Source records

○ ○ ○

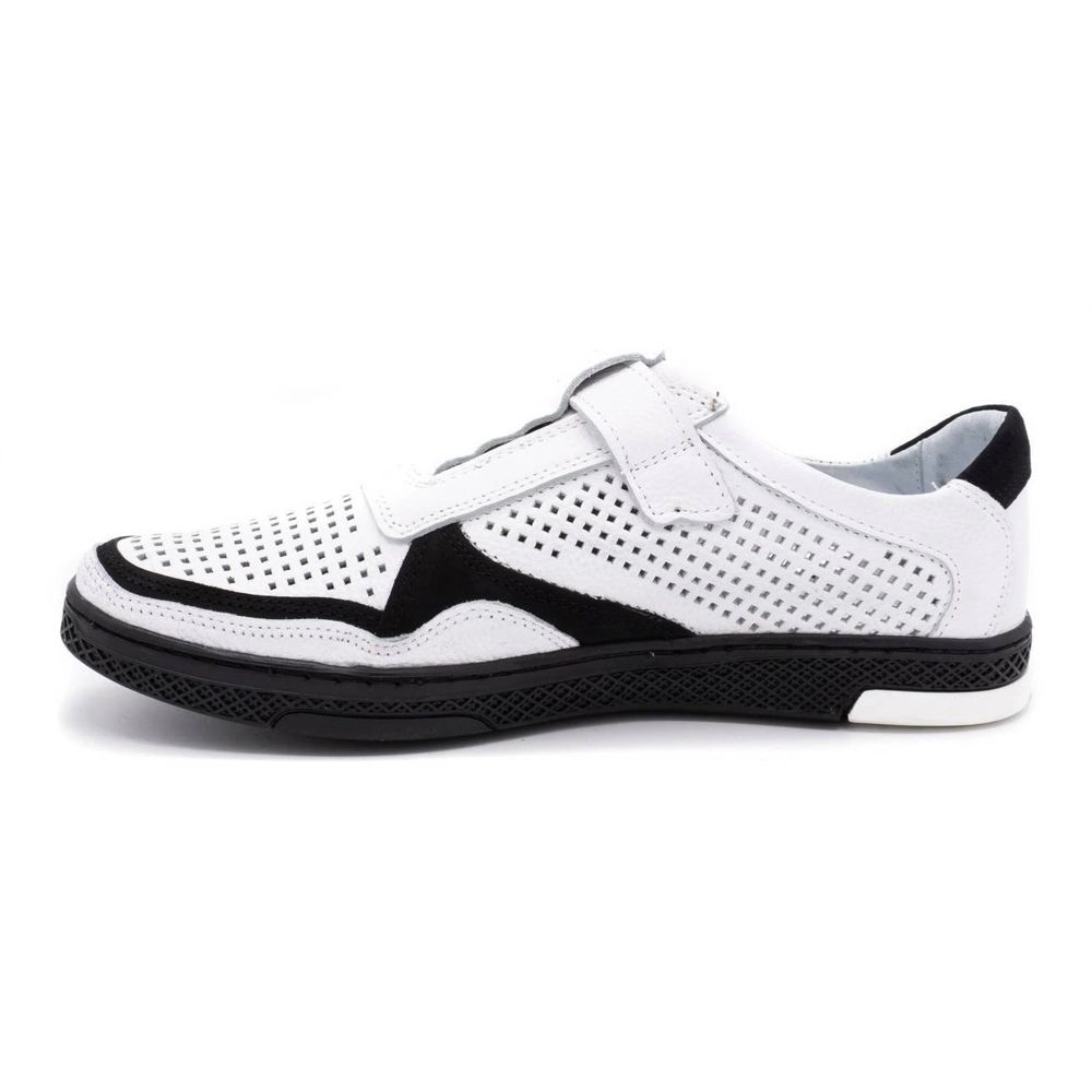 Ovandeln av naturligt läder imponerar med sitt genombrutna mönster, som inte bara ser unikt ut, utan också säkerställer utmärkt ventilation av fötterna. Den runda tån garanterar komfort att bära, och de svarta plastinläggen ger skorna en karakteristisk accent, vilket ger dem ett moderiktigt utseende.
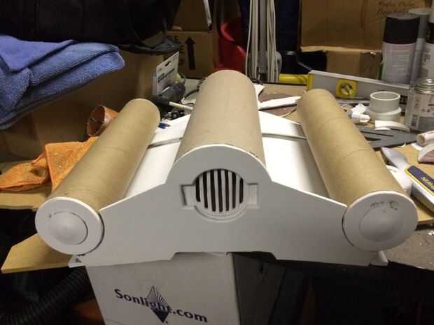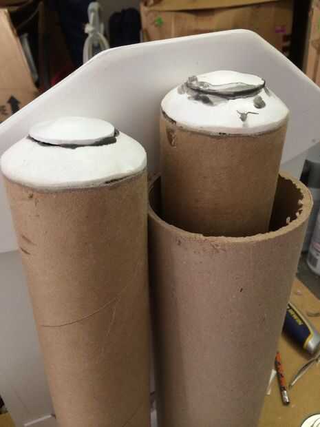 Para los tanques de combustible de la parte inferior, he pegado un pedazo plano de sintra al tubo y luego había cortado lo una vez fue seco.
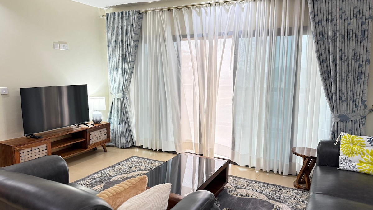 Cozy, private, modern, and absolutely stunning condo located in the heart of Najjera town with access to the city a few steps from the apartment. The space features an open concept layout, with modern tile finishes and antique designs for a comfy yet charming feel. This amenity filled condo offers convenience with a fully equipped kitchen, comfy queen bed, high speed Wi-Fi, workspace, smart TV, pool, gym and furnished patio for your relaxation. The condo offers tight security with 24/7 service.
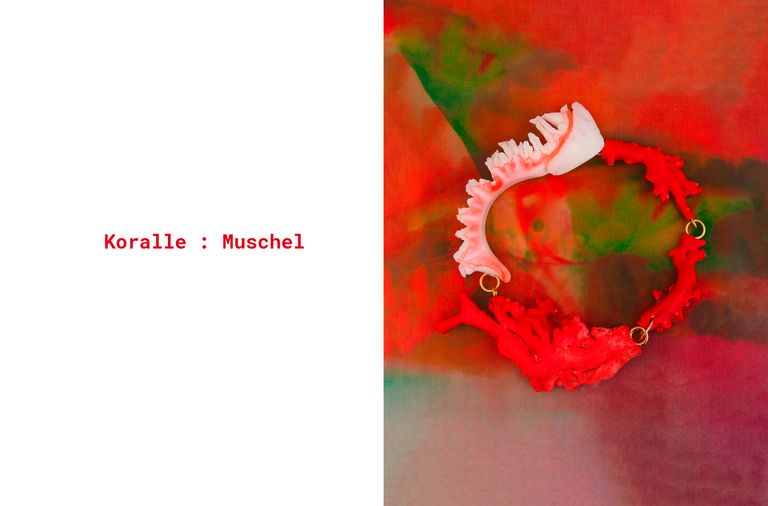eine Aussage treffen, interpretierbar sein. Ein großer Pfeil aus Koralle, die
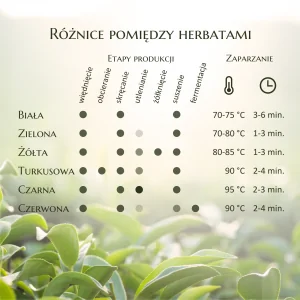 Więcej szczegółów o poszczególnych etapach obróbki herbaty oraz właściwości herbat znajdziecie w osobnych artykułach, w tym tylko muskamy temat, aby przybliżyć różnice między gatunkami.
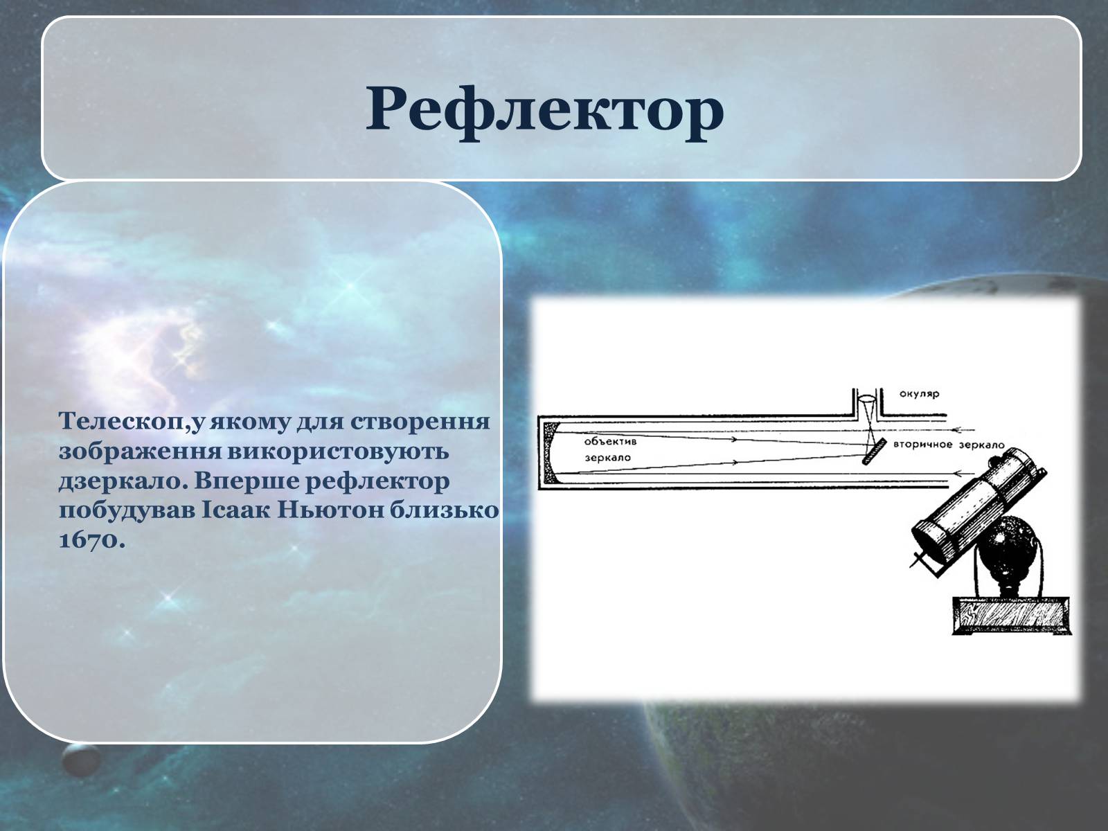 | Характеристика | Рефрактор (лінзовий телескоп) | Рефлектор (дзеркальний телескоп) |
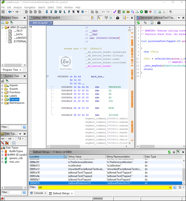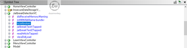 탈옥 탐지를 우회하려면 클래스, 메소드, 반환 값 순서대로 찾아야 한다. 탈옥된 단말기에서 앱을 실행하면 Jailbroken 문구가 출력되었으므로 Symbol Tree 창에서 키워드를 검색한다.
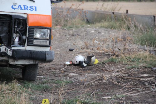 Polis, kaza yerinde incelemelerde bulunurken, motosiklet sürücüsünün kafasındaki kaskın kazada parçalanması ise dikkatlerden kaçmadı.

○ ○ ○

Aim of the task
An exact restatement of every record is required. Omit the images.

Response to the exercise
 Ovandeln av naturligt läder imponerar med sitt genombrutna mönster, som inte bara ser unikt ut, utan också säkerställer utmärkt ventilation av fötterna. Den runda tån garanterar komfort att bära, och de svarta plastinläggen ger skorna en karakteristisk accent, vilket ger dem ett moderiktigt utseende.
 Para los tanques de combustible de la parte inferior, he pegado un pedazo plano de sintra al tubo y luego había cortado lo una vez fue seco.
 Cozy, private, modern, and absolutely stunning condo located in the heart of Najjera town with access to the city a few steps from the apartment. The space features an open concept layout, with modern tile finishes and antique designs for a comfy yet charming feel. This amenity filled condo offers convenience with a fully equipped kitchen, comfy queen bed, high speed Wi-Fi, workspace, smart TV, pool, gym and furnished patio for your relaxation. The condo offers tight security with 24/7 service.
eine Aussage treffen, interpretierbar sein. Ein großer Pfeil aus Koralle, die
 Więcej szczegółów o poszczególnych etapach obróbki herbaty oraz właściwości herbat znajdziecie w osobnych artykułach, w tym tylko muskamy temat, aby przybliżyć różnice między gatunkami.
 | Характеристика | Рефрактор (лінзовий телескоп) | Рефлектор (дзеркальний телескоп) |
 탈옥 탐지를 우회하려면 클래스, 메소드, 반환 값 순서대로 찾아야 한다. 탈옥된 단말기에서 앱을 실행하면 Jailbroken 문구가 출력되었으므로 Symbol Tree 창에서 키워드를 검색한다.
 Polis, kaza yerinde incelemelerde bulunurken, motosiklet sürücüsünün kafasındaki kaskın kazada parçalanması ise dikkatlerden kaçmadı.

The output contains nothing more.